Really guys? REALLY? This is why developers need explicit guidelines, because as they just demonstrated if there are no guidelines companies default to the thing that exploits the end user! (incidentally, its unfair to pick on Path too much as almost all social networking applications do exactly this also.)
I actually cringed when I read this "however, as mentioned, we believe users need further transparency on how this works" ... which is why it took someone running a proxy and writing a blog post for you to suddenly be transparent about it. Mind blowing. Why even say that?
Btw, times like this? You destroy any and all credibility when you say you are trying to build a company that is built to last or one that is going to follow in the footsteps of Apple.
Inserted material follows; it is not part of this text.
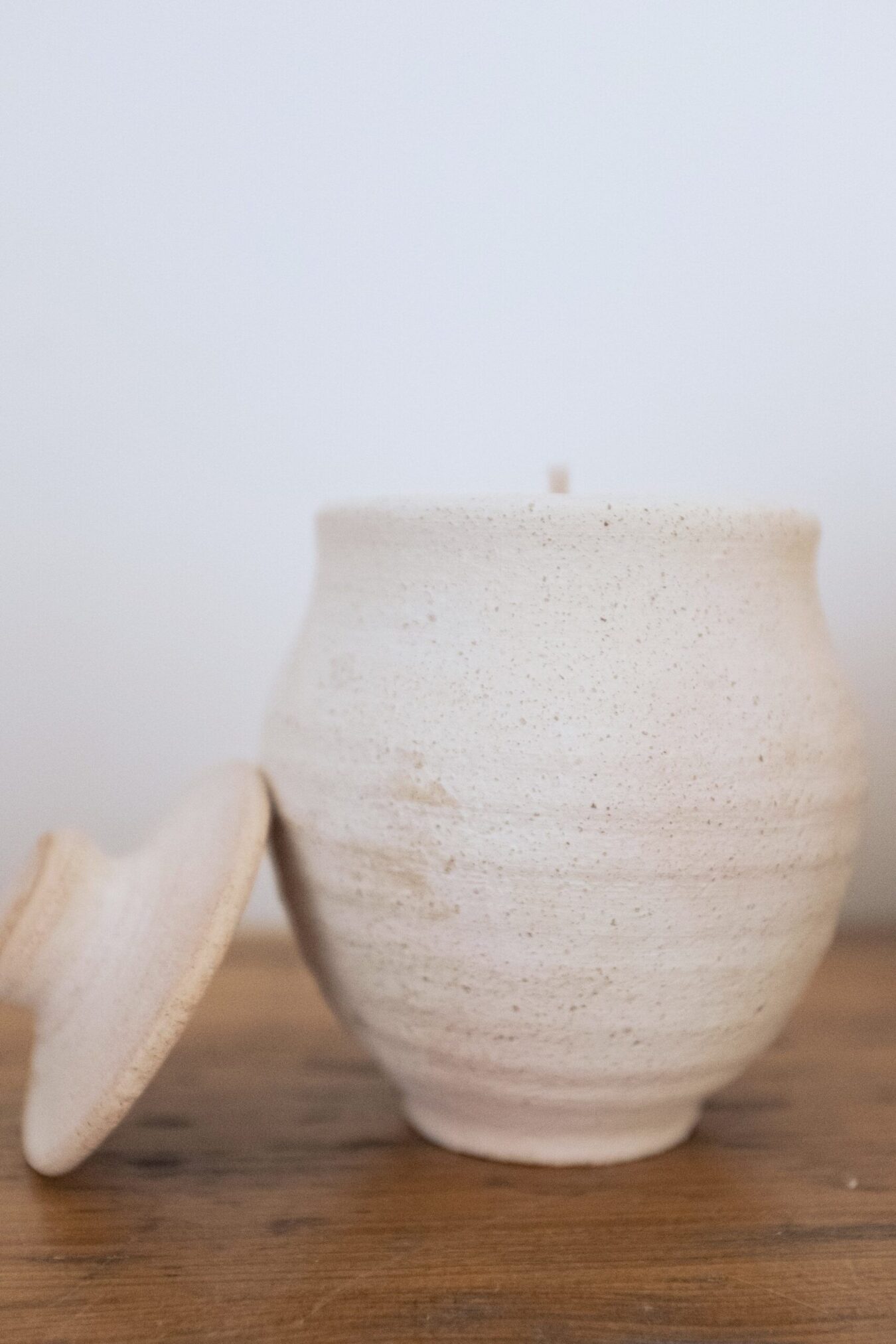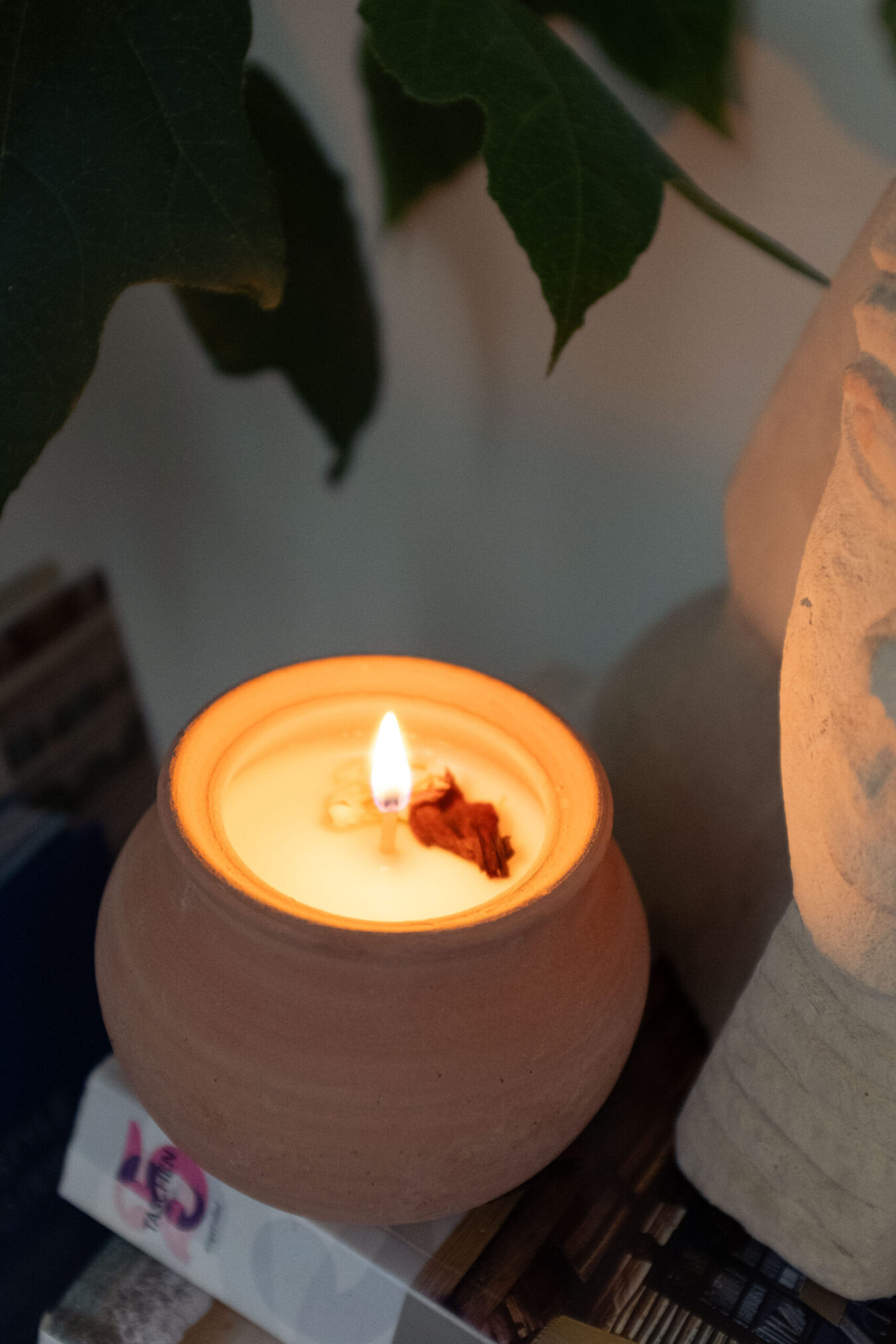 A handmade clay soy candle inspired by the warm, earthy tones of desert landscapes. Blends natural texture with refined aroma - filled with a luxurious mix of fine fragrance oils. Topped with dried flowers, this piece is as much a decorative object as it is a sensory experience. Perfect for those who appreciate craftsmanship, natural materials, and timeless desert charm. Once the candle has burned down, the vessel lives on - perfect for storing pens, dried flowers, incense sticks, or simply as a sculptural accent.
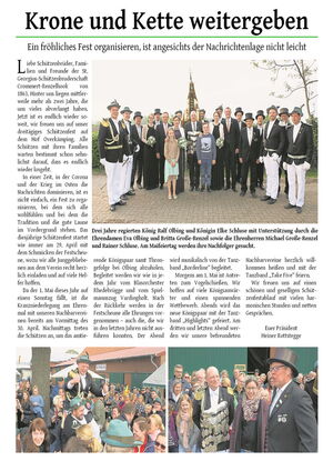 gerne hätten wir in diesem Jahr die Schützenfest-Saison eröffnet. Unser Schützenverein besteht seit 1863 und es gab in dieser langen Zeit mehrfach Jahre in denen nicht gefeiert werden konnte.

Apple would never do this to their users.
(do not make this a discussion about the evil and good sides of Apple. Apple has repeatedly not bowed to companies desires for owning contact information and I expect they will fix this contact hole in the near future.)
It's sad because I respect Path and their love of design. But design isn't just about how it looks. It needs to resonate through the entire vision, company, product, and how you treat people.
"This is currently the industry best practice"? That's the biggest bullshit line I have ever heard. No, it's most certainly NOT a "best practice", and even if it were, it shouldn't be, and as a CEO, you're supposed to be bright enough to know this. And if you don't know this, you're supposed to be bright enough to make up a better excuse when you get caught. Hint: This ain't it.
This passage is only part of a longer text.